*** DATA FOR REVIEW ***
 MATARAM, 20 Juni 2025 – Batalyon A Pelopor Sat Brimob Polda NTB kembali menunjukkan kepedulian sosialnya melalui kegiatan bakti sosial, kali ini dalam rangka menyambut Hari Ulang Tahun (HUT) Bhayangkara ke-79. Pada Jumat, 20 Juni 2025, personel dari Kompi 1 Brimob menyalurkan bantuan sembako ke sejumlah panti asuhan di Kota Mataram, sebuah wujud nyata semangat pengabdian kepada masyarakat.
***
*** DATA FOR REVIEW ***
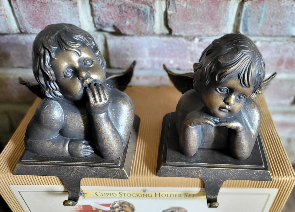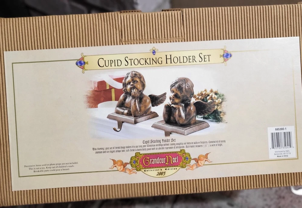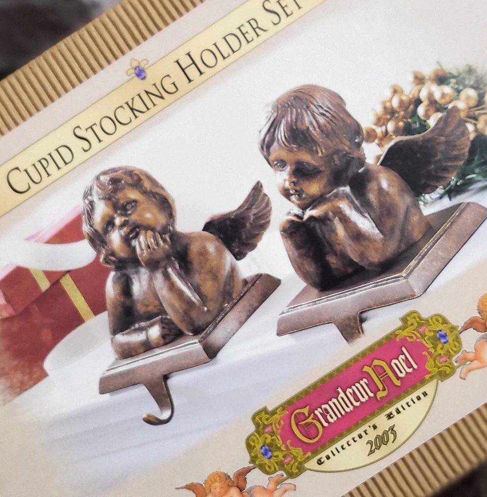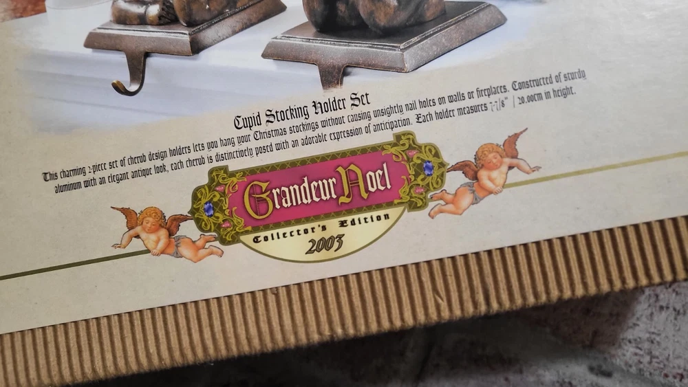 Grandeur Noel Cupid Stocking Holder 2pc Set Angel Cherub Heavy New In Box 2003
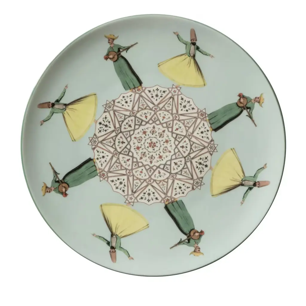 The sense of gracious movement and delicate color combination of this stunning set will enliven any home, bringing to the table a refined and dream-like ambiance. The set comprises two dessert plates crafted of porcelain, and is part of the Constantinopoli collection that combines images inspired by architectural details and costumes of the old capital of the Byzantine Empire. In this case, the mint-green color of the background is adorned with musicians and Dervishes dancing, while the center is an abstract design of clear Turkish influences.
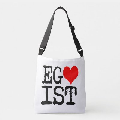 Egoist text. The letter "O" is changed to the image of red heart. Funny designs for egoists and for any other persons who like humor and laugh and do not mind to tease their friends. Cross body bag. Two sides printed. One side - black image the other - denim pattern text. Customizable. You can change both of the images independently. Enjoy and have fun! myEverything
***
- WHAT THIS TASK INVOLVES
Output exactly the lines above that lie between the line with "The sense of" and the line with "Egoist text. The", those two lines included, and no pictures.

- OUTPUT OF THE EXERCISE
 The sense of gracious movement and delicate color combination of this stunning set will enliven any home, bringing to the table a refined and dream-like ambiance. The set comprises two dessert plates crafted of porcelain, and is part of the Constantinopoli collection that combines images inspired by architectural details and costumes of the old capital of the Byzantine Empire. In this case, the mint-green color of the background is adorned with musicians and Dervishes dancing, while the center is an abstract design of clear Turkish influences.
 Egoist text. The letter "O" is changed to the image of red heart. Funny designs for egoists and for any other persons who like humor and laugh and do not mind to tease their friends. Cross body bag. Two sides printed. One side - black image the other - denim pattern text. Customizable. You can change both of the images independently. Enjoy and have fun! myEverything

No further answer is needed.